First, we cry, usually a lot. Then, we have to figure out what has to be done that day. If it's just laundry, we can get the clothes into the washer and dryer. Major problems if there has to be ironing done. That is quite a struggle even wearing a back brace, very tiring, and takes a very long time. If we have appointments, then we call the taxi company and tell them that I will require assistance from the driver both trying to get over the curb and also when we are at the, say dentist's office, getting out of the cab. I struggle when I'm in their office and usually people assist me. Then, back home again, I did little things until my husband comes home, takes a nap, and makes us dinner. I usually try to do the dishes and clean up after him. And, I can't stay up late and go to bed early.

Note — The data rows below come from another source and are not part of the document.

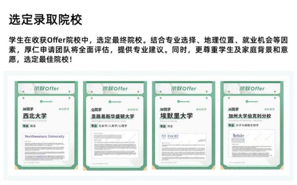 ● 战绩卓越:美国留学中介-厚仁教育申请团队拥有15年以上留学申请经验,斩获众多Offer,包括常春藤及TOP30名校,以及英澳加新等世界名校。其中包括宾夕法尼亚大学(全奖)、哥伦比亚大学、埃默里大学、多伦多大学、纽约大学等世界顶级院校。
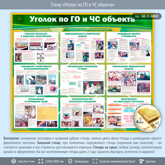 Стенд «Уголок по ГО и ЧС объекта» (GO-21-GOLD) в Сургуте купить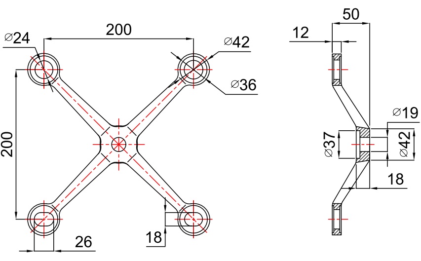 Prípustné axiálne zaťaženie ramena (zaťaženie vetrom) - 2100 N Radiálne zaťaženie spôsobené hmotnosťou skla - 1000 N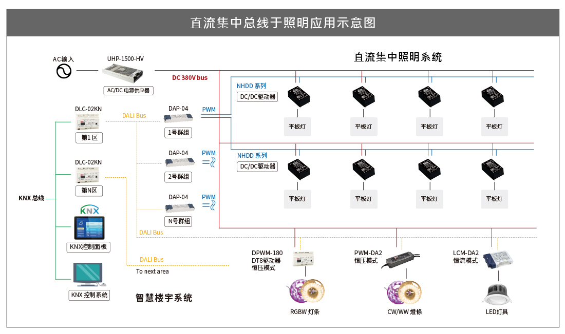 憑借超過(guò)35年的電源設(shè)計(jì)和制造經(jīng)驗(yàn),我們定義新的直流集中供電和直流照明應(yīng)用方式,可提供機(jī)殼型與DC/DC LED驅(qū)動(dòng)器的完整解決方案。此外,直流集中供電可輕松整合到再生能源系統(tǒng)中,以降低電源轉(zhuǎn)換損失及結(jié)合儲(chǔ)能系統(tǒng)(ESS)的使用方式。如此才能達(dá)到一個(gè)完整的“直流世界”應(yīng)用,請(qǐng)參考下圖。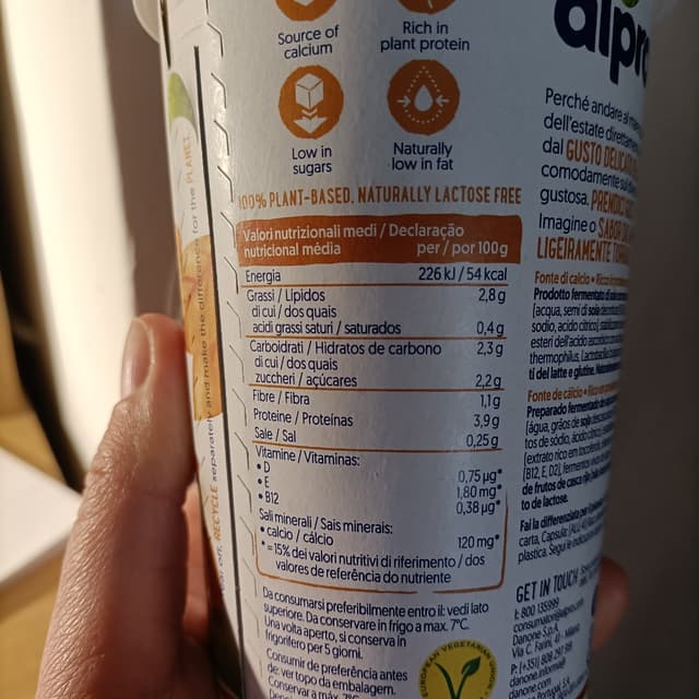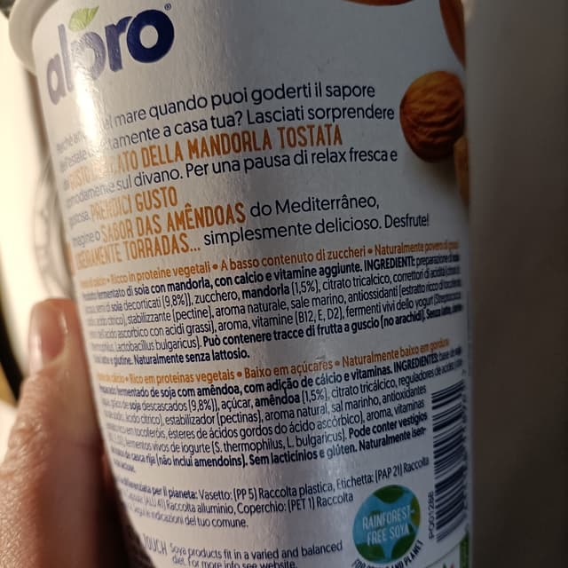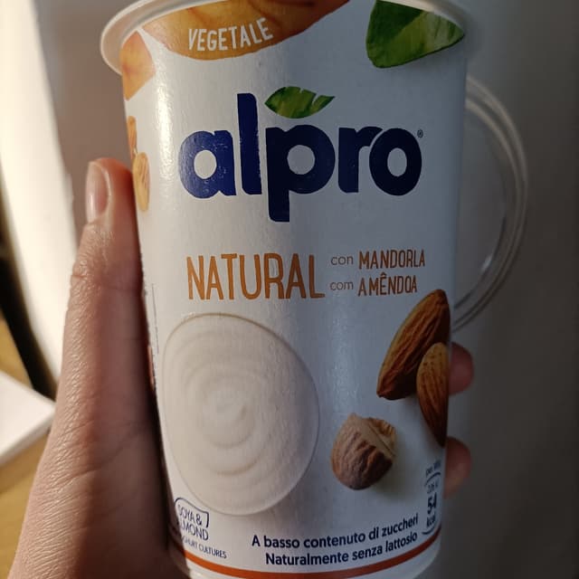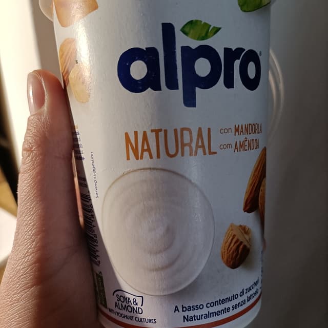 Yogurt a base soia con mandorle, calcio, vitamine e pochi zuccheri. Molto piacevole, la mandorla si sente ed è cremoso. Alpro è una garanzia per me.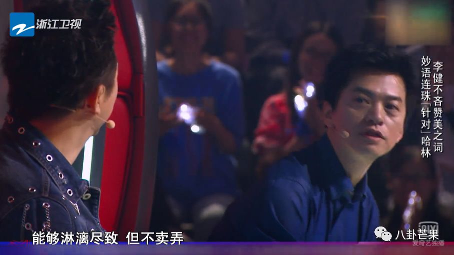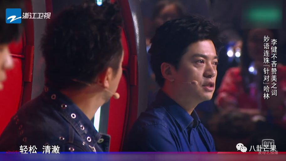 哈林对这位淘气先生是又爱又恨的。某次哈林说了一段长长的话夸某位选手,李健补刀:哈林哥说了那么冗长的一段话,其实我只说一个字就可以概括他为什么有魅力!

Hello😀 i am new here. First going through tests. I have jsd many symptoms for about 3 or 4 yrs. First started with pain in my leg(more like calf and foot.) Especially during menstrual cycle. As the yrs went by symptoms got worse. Leg weakness went all the way up the leg now, got numerous mri's the most recent one 2 yrs ago it showed tiny lesion on frontal lobe. My neurologist said to leave it alone. Every few months as symptoms kept getting worse i asked doc if i should take another one. He said no. 2 yrs later as i mentioned. Leg weakness is all the way up my leg. I can lift it when sitting and lying down. I miss steps sometimes and walkinv up stairs gets me winded. Anybody else experience more pain during periods?
I am a huge believer in listening to my body. If I am tired I rest and if I have an appointment I try my best to get there, but if it is really bad I reschedule. I am very fortunate that I have relapsing remitting ms and am not experiencing the crippling affects so many people have. Pain is my biggest obstacle and I hate to have to depend on pain medications, but sometimes I must. I am constantly trying to rub away the pain. I get funny looks from people in stores when I am rubbing my butt or legs without a thought of how it looks. You have to laugh at yourself on occasion.
The tougher days are usually met with a deep breath & an understanding that it's to be expected. It's usually best to have a Plan B & C when it comes to MS.
I do what I can. I used to be a fanatic about cleaning, dusting, vacuuming, everything had to be in it's place, exactly in it's place. Now, I just don't care anymore. Some days I care, most days I don't. Much of that has to do with depression. And a lot has to do with pain and terrible fatigue. Not sure which is worse. There are some things that really must get done, the basics, dishes, the wash, and I push myself to do as much as I can in a day. I take naps when I am tired. And now I stay and bed and rest when I haven't slept too well. I used to think it was terrible to stay in bed after a certain time of the morning....that ship has sailed too. I just don't care anymore.
I...am more important than a few dishes waiting to be washed or a basket of laundry or anyone's else's opinion of what I should and shouldn't do.
I work at my computer, getting up every 15 minutes or so to do a chore-then back to the computer. If I am extremely fatigued, I do what I can -when I can and- tell myself "Good Job !"
I live basically alone, so, I don't have to worry about major meal prep!
I met a man the other day who said his mantra is "I LOVE ME "- Came home and heard it on Alexa-karma ! It's also a good mantra-You don't have to Love MS-who does-but-it is a part of us, and, barring a miracle cure, will be with us forever. Best advice I have ever had was "take Care Of Yourself-" or - in other words "I LOVE ME ".